7. The weakly supervised image enhancement method based on land codebook prior and contrast constraints according to claim 1, characterized in that, S5 specifically includes: By confidence predictor For discrete codeword sequences Perform a confidence assessment and output the initial confidence level. : ; Calculate distance-aware confidence : ; In the formula, For cosine similarity, It is the sigmoid function; By fusing the initial confidence level and the distance-aware confidence level, we obtain the first... Confidence of the next iteration : ; In the formula, This is the weighting coefficient, with a value of 0.4; According to the current number Confidence of the next iteration Construct the first The binary mask corresponding to the next iteration , The tokens are used to mark low-confidence regions in latent features, and the updated token count is scheduled using cosine annealing.
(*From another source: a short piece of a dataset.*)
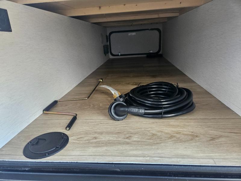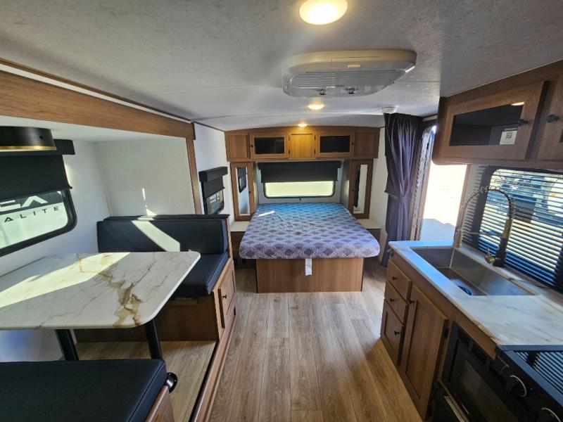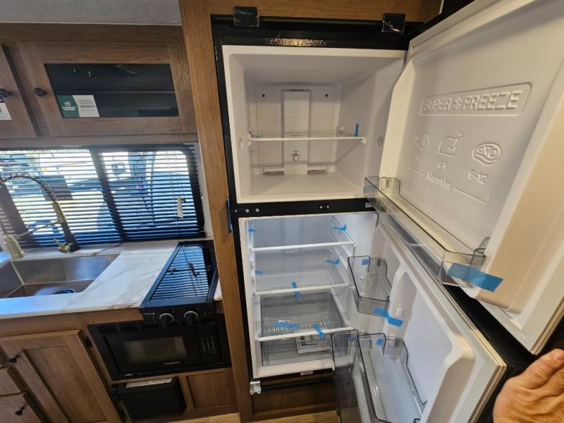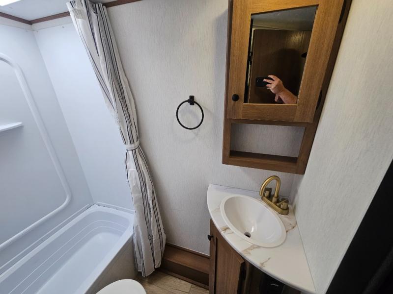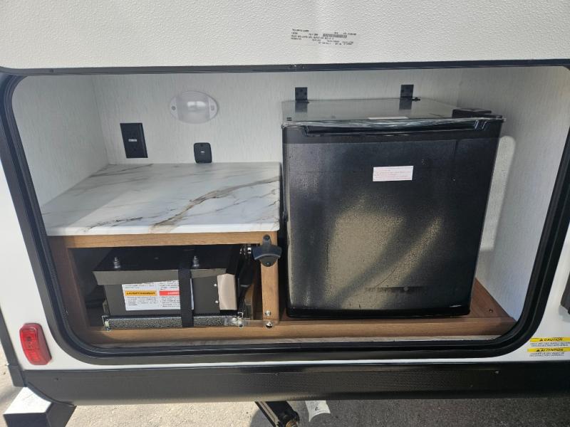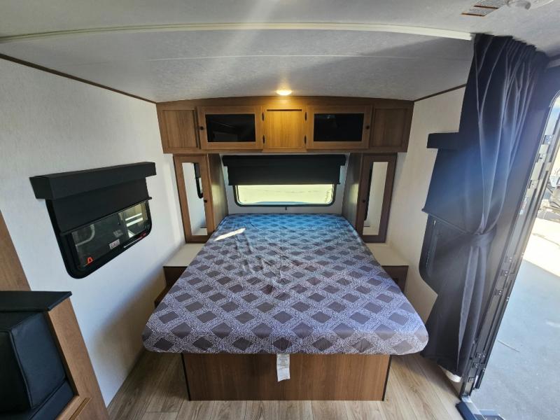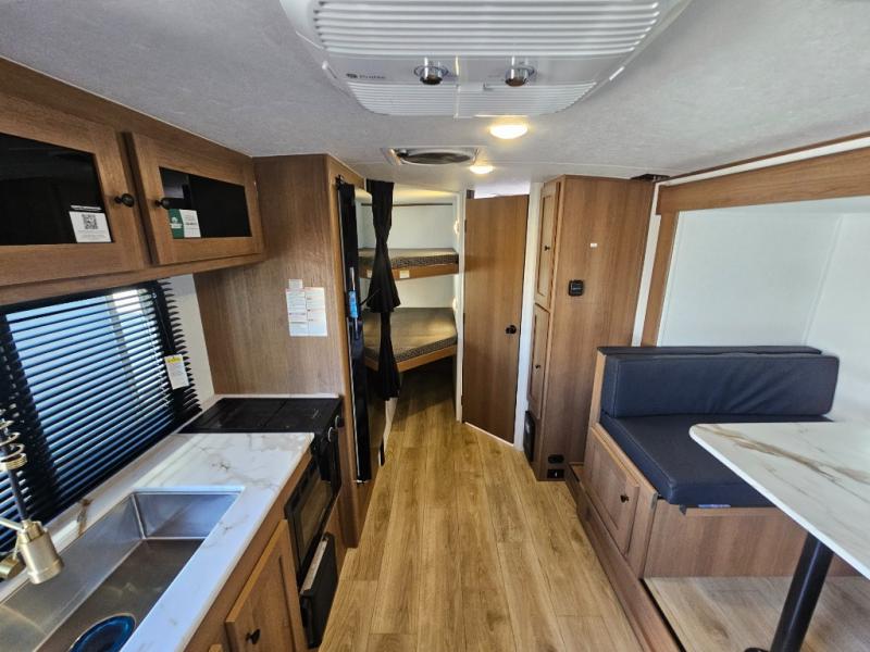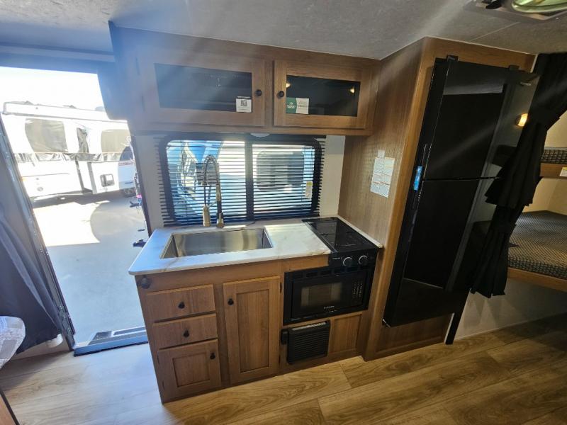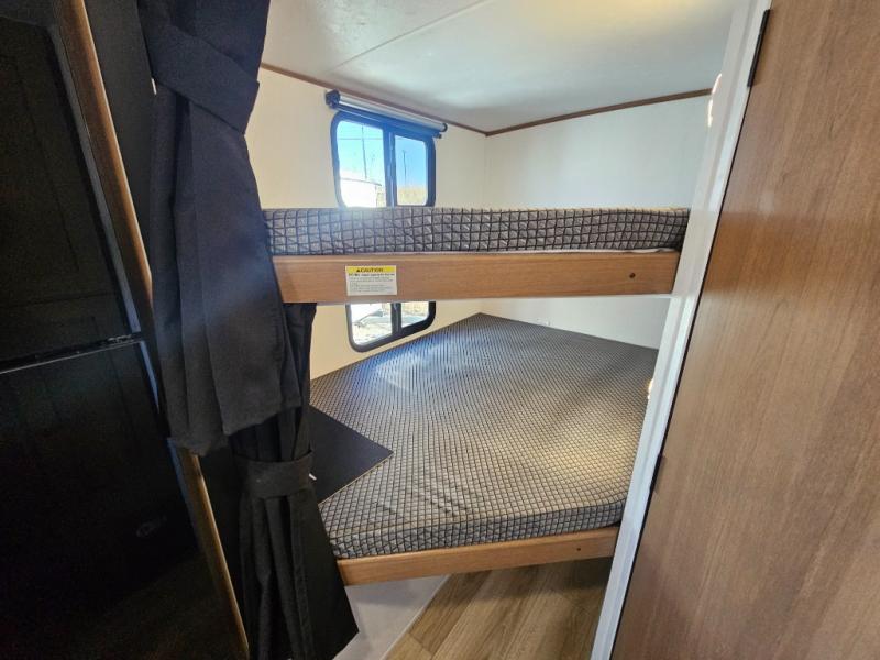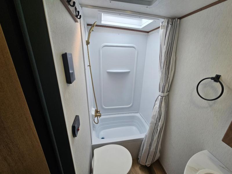 You and a few friends or family members can camp comfortably in this travel trailer! It features a front queen bed with wardrobes on either side to keep your clothes out of the way or you can switch it out for the optional Murphy bed for more versatility. Two others can sleep on the rear corner upper double bed and lower flip up double bed. After you have fried up some eggs on the two burner cooktop and heated up a piece of banana bread in the microwave, you can head to the booth dinette slide to enjoy it. There is even a pantry to store your coffee grounds and snacks. Now that your bellies are full, you can freshen up in the rear corner bathroom with the tub/shower.

Sure, ; Current iteration number Less than the maximum number of iterations Then update the input features for the next iteration: ; In the formula, For potential features of underwater degraded images, To predict image quantization features, For the first Binary mask for the next iteration This is an element-wise multiplication operation. These are potential features to be used in the next iteration after the update; Update the iteration count to the current iteration count plus 1, enter the next iteration loop, and return to the iteration process of S4; Current iteration number Reaching the maximum number of iterations If the iteration stops, the optimization of the potential features is complete; After reaching the final iteration, the decoded output is an enhanced underwater image. : ; In the formula, The final output is an enhanced underwater image. To quantize features of the predicted image Input-learnable decoder The output is an enhanced underwater image.